Data items
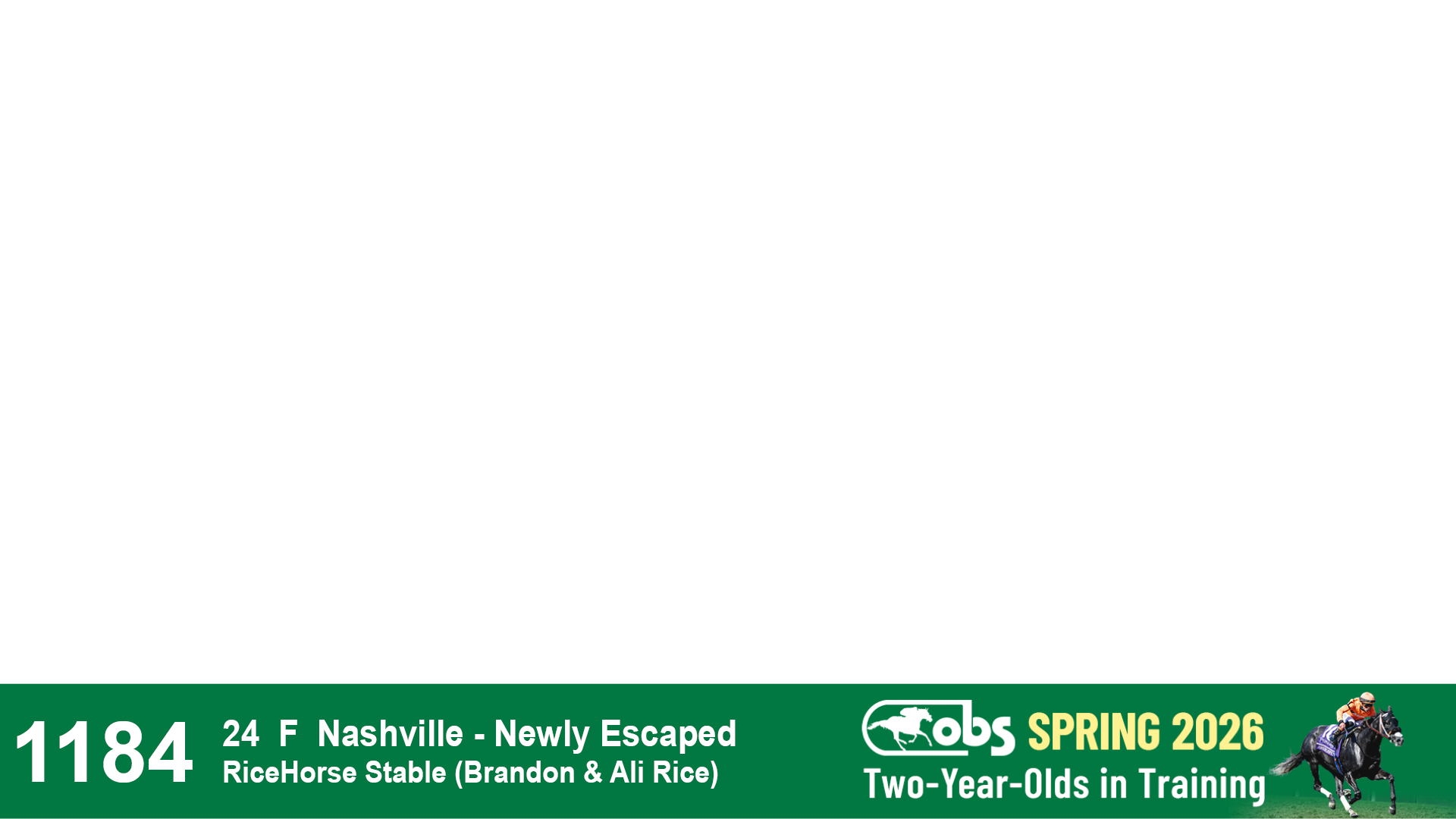 | 1184 | Slate | Lower-Third | 3/30/2024 | F | Nashville | Newly Escaped | RiceHorse Stable (Brandon & Ali Rice), Agent | 1187 | 858 | 771 | 883 | |
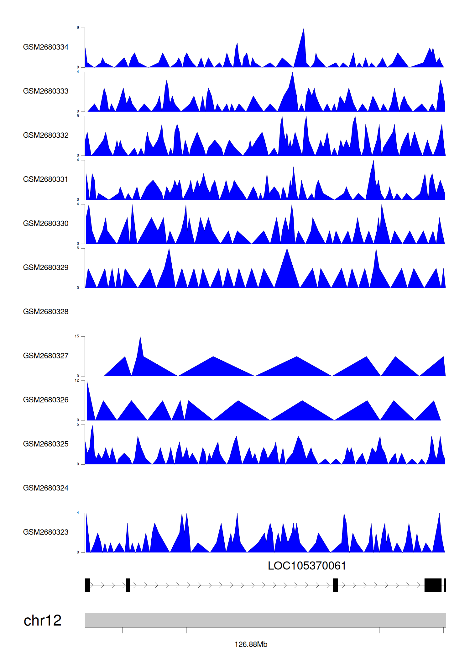 > Dataset: GSE131257 - LOC105370061 peak across samples
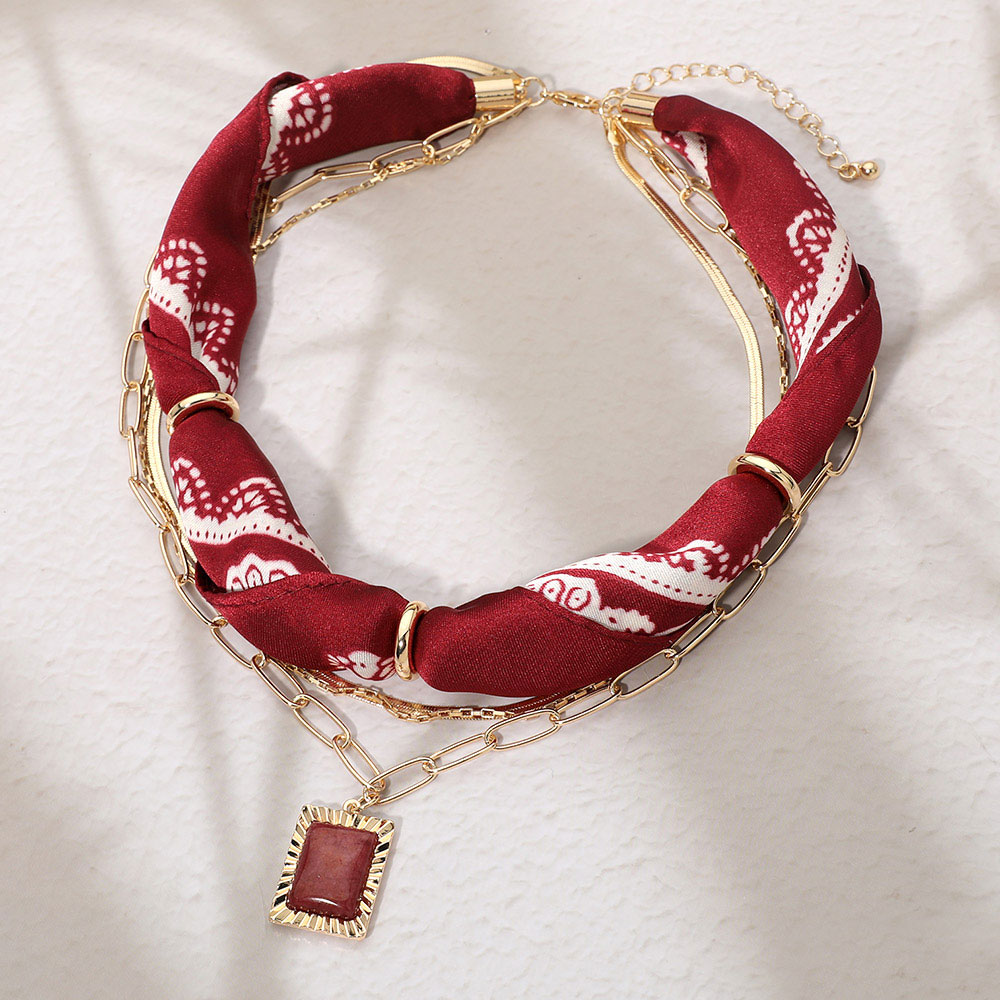 Rectangular Stone Pendant Accent Layered Fabric Scarf Necklace
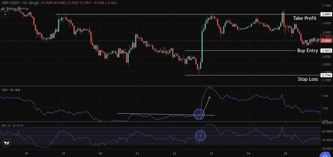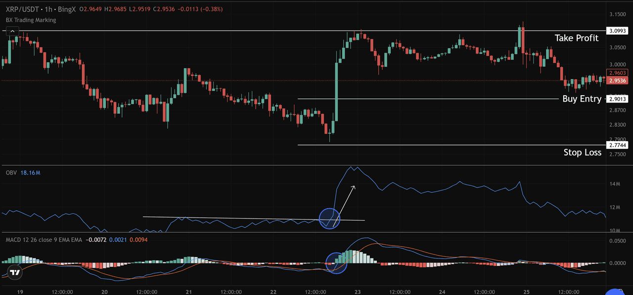 在上方XRP/USDT圖表中,OBV向上突破,同時(shí)RSI從超賣(mài)區(qū)30附近反彈并突破50。這種雙重信號(hào)證實(shí)了強(qiáng)勁的買(mǎi)盤(pán)壓力,讓交易員有信心在2.90美元附近進(jìn)場(chǎng),目標(biāo)價(jià)約為3.09美元,止損價(jià)為2.77美元。
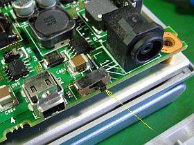 電源が入らないなら、当然電源部を見なければなりませんが、カバーを外してから小さいスライドSWがあるのに気が付いてしまった!_左写真&<クリック>_
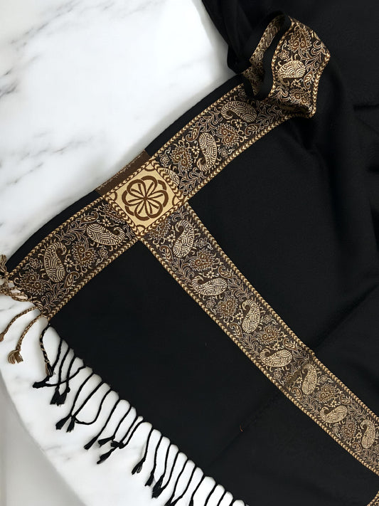 Black Beige Border Paisley Pashmina Hijab
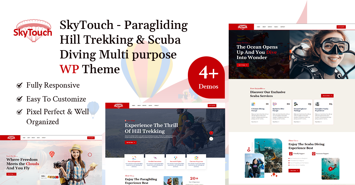 SkyTouch - Paragliding, bergsvandring och dykning. Multifunktionellt WP-tema.
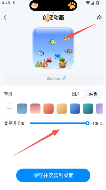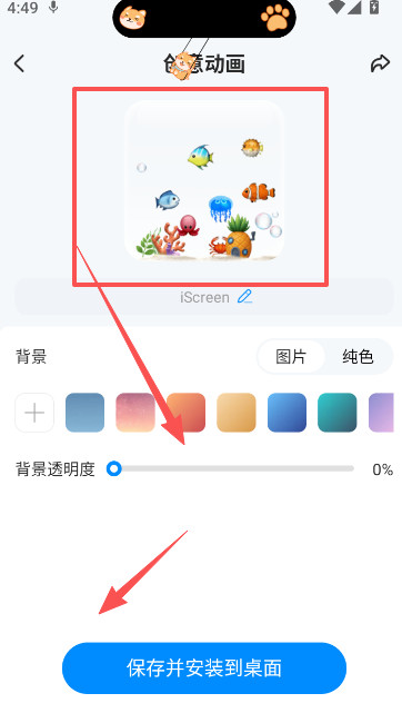 3、为了满足大家的透明背景设置需求,可在背景透明度直接降为0%,效果也就从刚才的完全展示变成了透明动画展示,非常的个性,确定请保存并安装到桌面,重启设备后生效。

▶ **Goal of the exercise**
Reproduce the entries above exactly. Do not include the images.

▶ **Answer below**
 | 1184 | Slate | Lower-Third | 3/30/2024 | F | Nashville | Newly Escaped | RiceHorse Stable (Brandon & Ali Rice), Agent | 1187 | 858 | 771 | 883 | |
 > Dataset: GSE131257 - LOC105370061 peak across samples
 Rectangular Stone Pendant Accent Layered Fabric Scarf Necklace
 在上方XRP/USDT圖表中,OBV向上突破,同時(shí)RSI從超賣(mài)區(qū)30附近反彈并突破50。這種雙重信號(hào)證實(shí)了強(qiáng)勁的買(mǎi)盤(pán)壓力,讓交易員有信心在2.90美元附近進(jìn)場(chǎng),目標(biāo)價(jià)約為3.09美元,止損價(jià)為2.77美元。
 電源が入らないなら、当然電源部を見なければなりませんが、カバーを外してから小さいスライドSWがあるのに気が付いてしまった!_左写真&<クリック>_
 Black Beige Border Paisley Pashmina Hijab
 SkyTouch - Paragliding, bergsvandring och dykning. Multifunktionellt WP-tema.
 3、为了满足大家的透明背景设置需求,可在背景透明度直接降为0%,效果也就从刚才的完全展示变成了透明动画展示,非常的个性,确定请保存并安装到桌面,重启设备后生效。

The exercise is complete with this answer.